◆ **Task directions**
Please restate the data below word for word, omitting all images.

(Supplied material Opens)

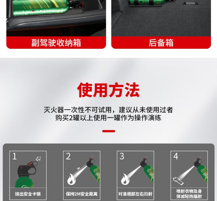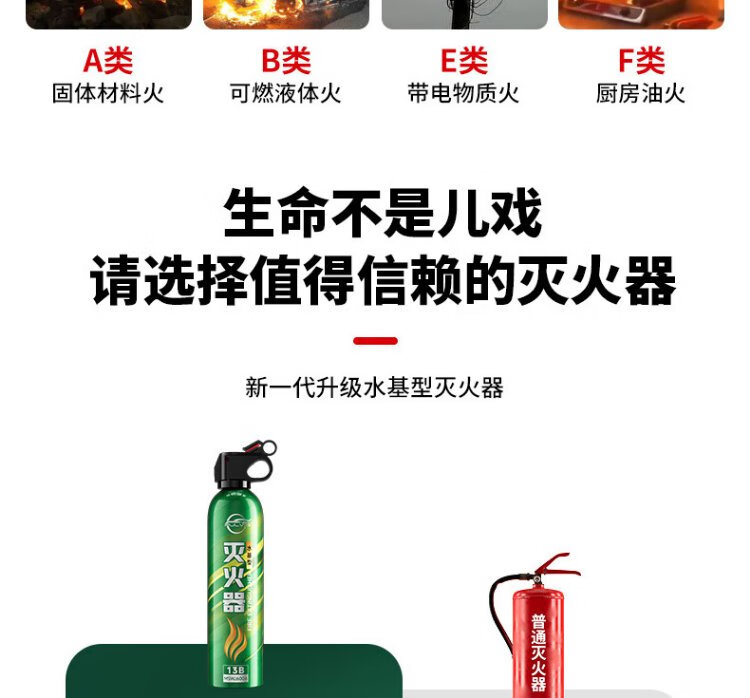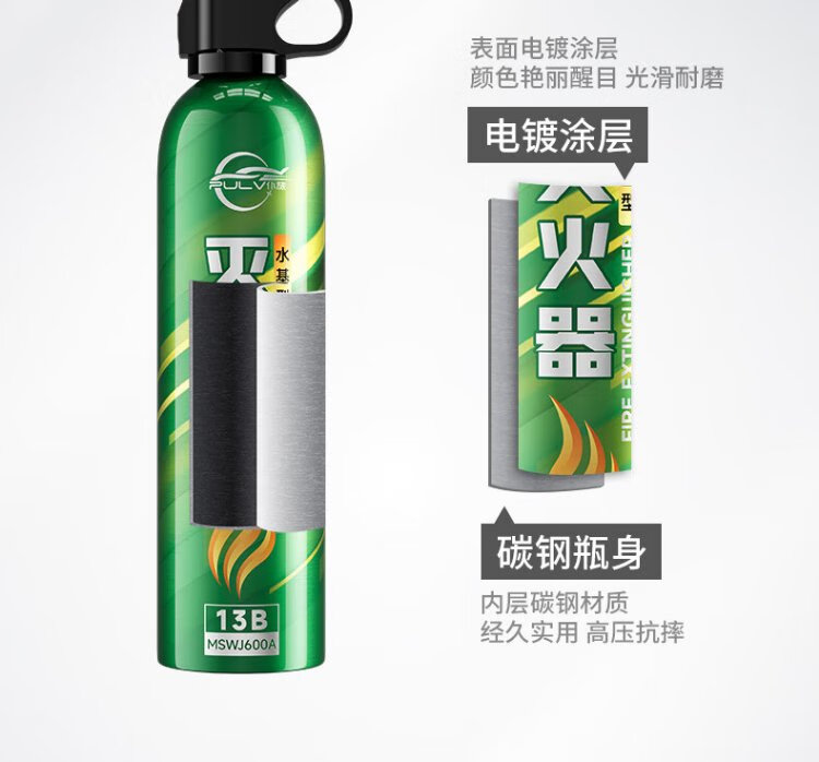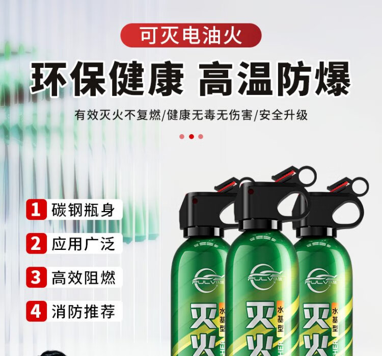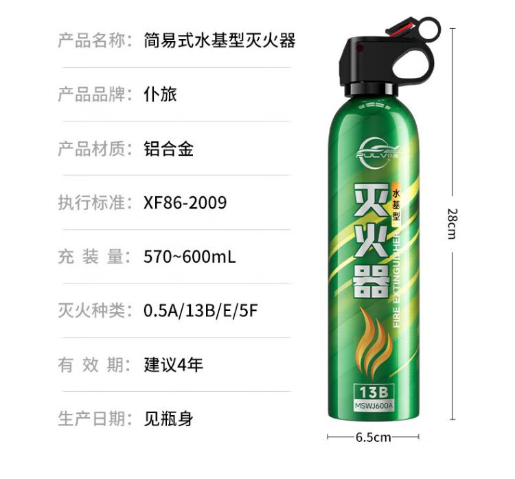 Pulv car water-based fire extinguisher New national standard 3c certified high temperature resistant and explosion-proof 13B automotive home portable fire extinguisher 620ml water-based *1 bottle novice trial
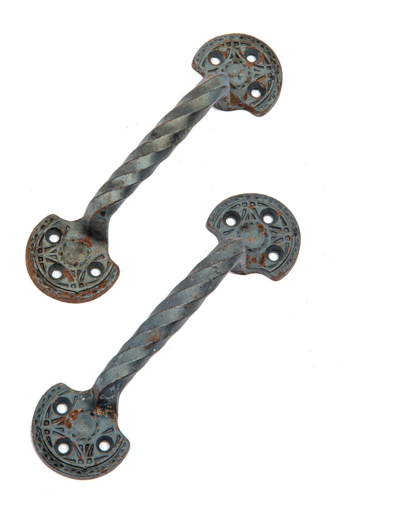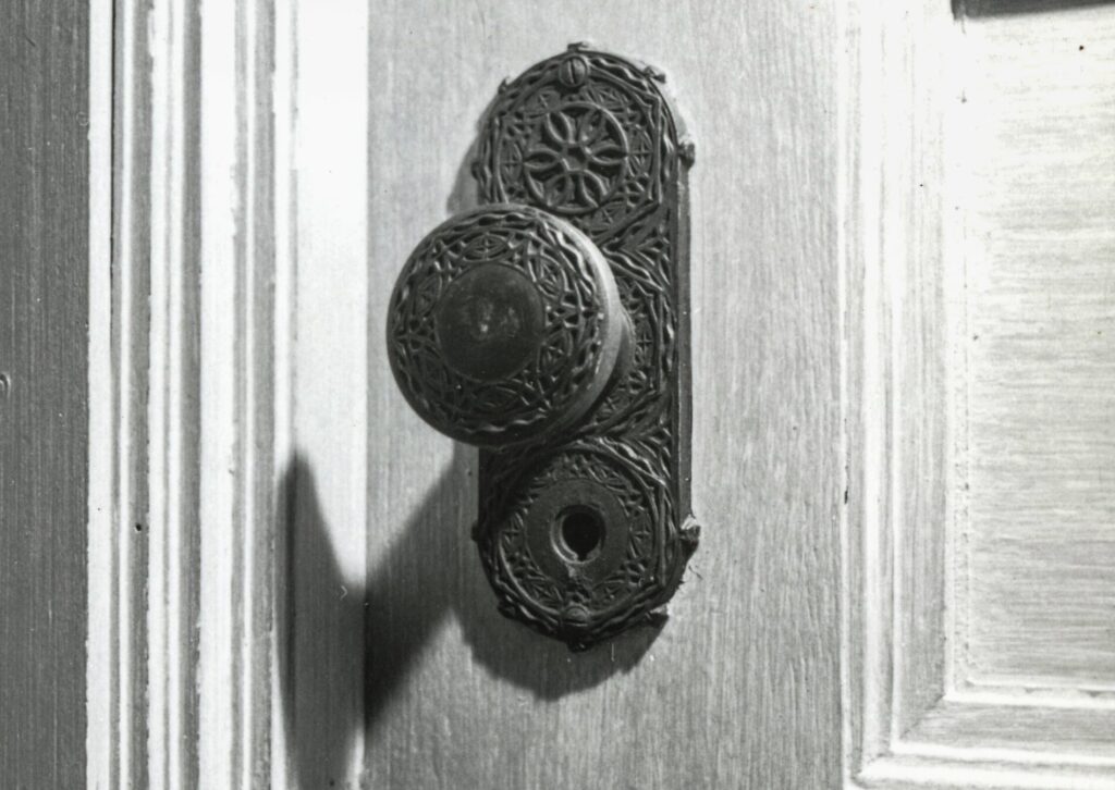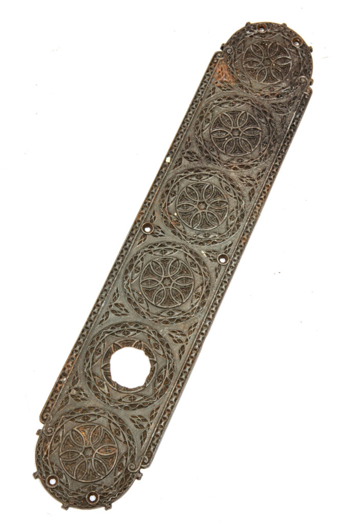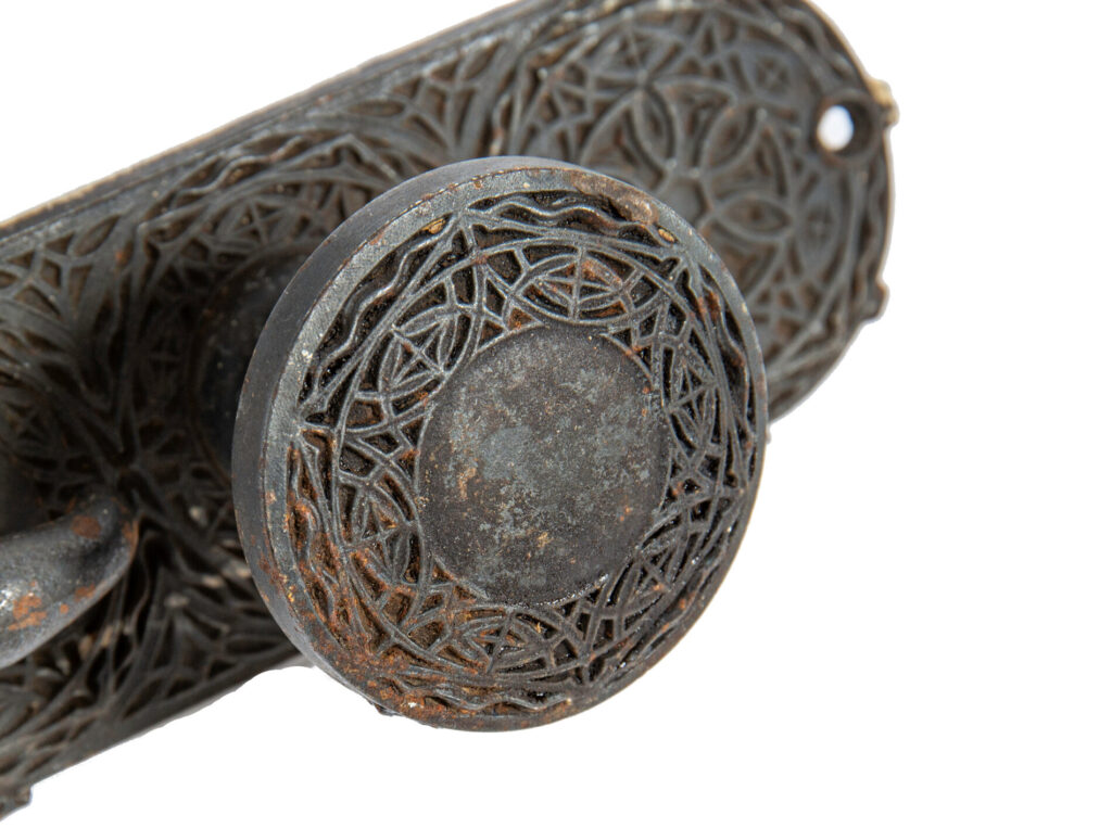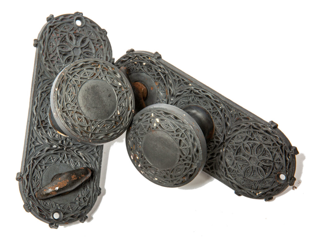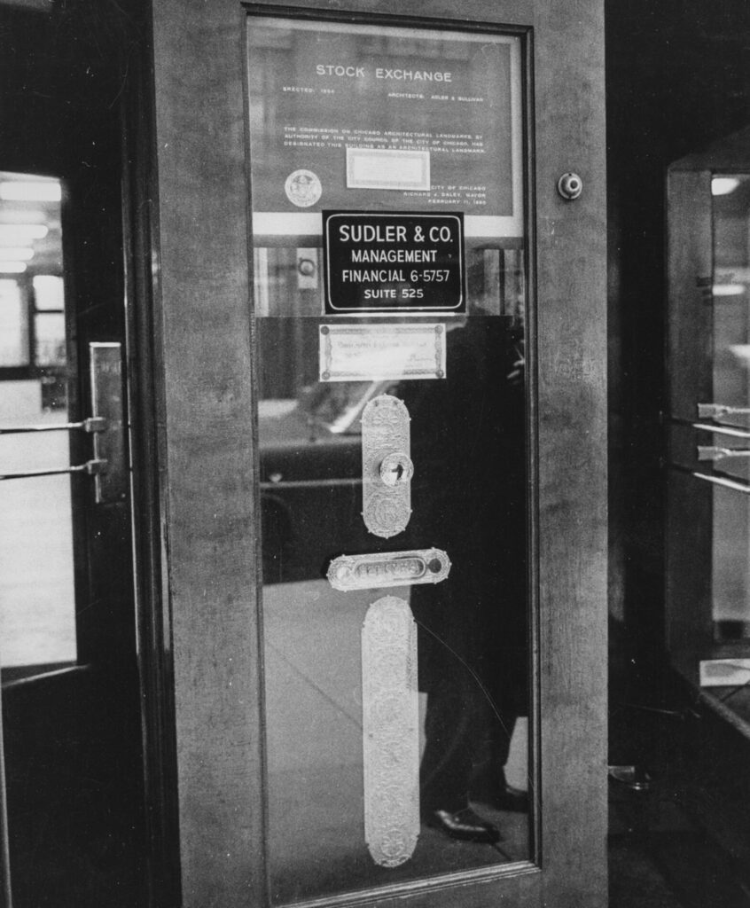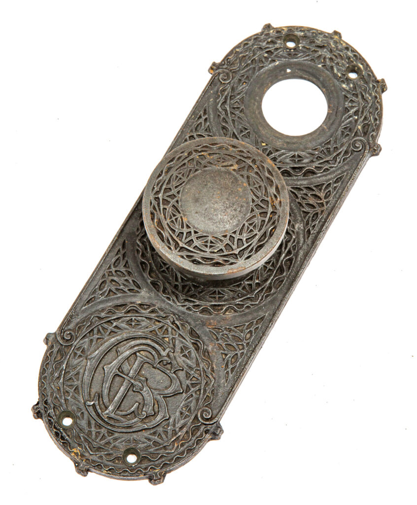 adler and sullivan’s chicago stock exchange (1894) was outfitted with sullivan-designed cast iron hardware with a bower-barff “rust-proof” finish. the main office doors contained oversized knobs and backplates with monogram. yale and towne fabricated the hardware under the supervision of orr & lockett.
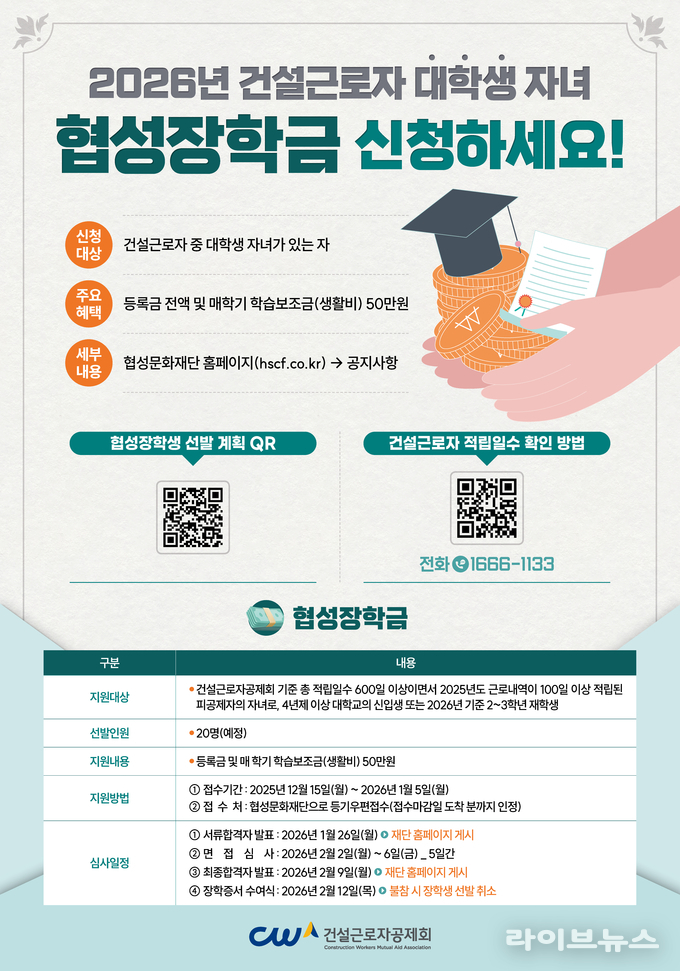 권혁태 이사장 직무대행은 “협성장학생 선발은 건설근로자의 장기근속을 장려하는 동시에, 현장에서 흘린 땀의 가치를 교육 지원으로 되돌려주는 모범적 협력사업”이라며 “앞으로도 건설근로자를 위한 다양한 복지 서비스를 확대해 나가겠다”고 말했다.
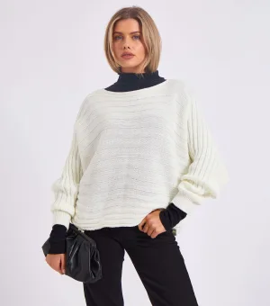 Gestreepte gebreide oversized trui met vleermuismouwen

(Supplied material Closes)

◆ **Written response**
 Pulv car water-based fire extinguisher New national standard 3c certified high temperature resistant and explosion-proof 13B automotive home portable fire extinguisher 620ml water-based *1 bottle novice trial
 adler and sullivan’s chicago stock exchange (1894) was outfitted with sullivan-designed cast iron hardware with a bower-barff “rust-proof” finish. the main office doors contained oversized knobs and backplates with monogram. yale and towne fabricated the hardware under the supervision of orr & lockett.
 권혁태 이사장 직무대행은 “협성장학생 선발은 건설근로자의 장기근속을 장려하는 동시에, 현장에서 흘린 땀의 가치를 교육 지원으로 되돌려주는 모범적 협력사업”이라며 “앞으로도 건설근로자를 위한 다양한 복지 서비스를 확대해 나가겠다”고 말했다.
 Gestreepte gebreide oversized trui met vleermuismouwen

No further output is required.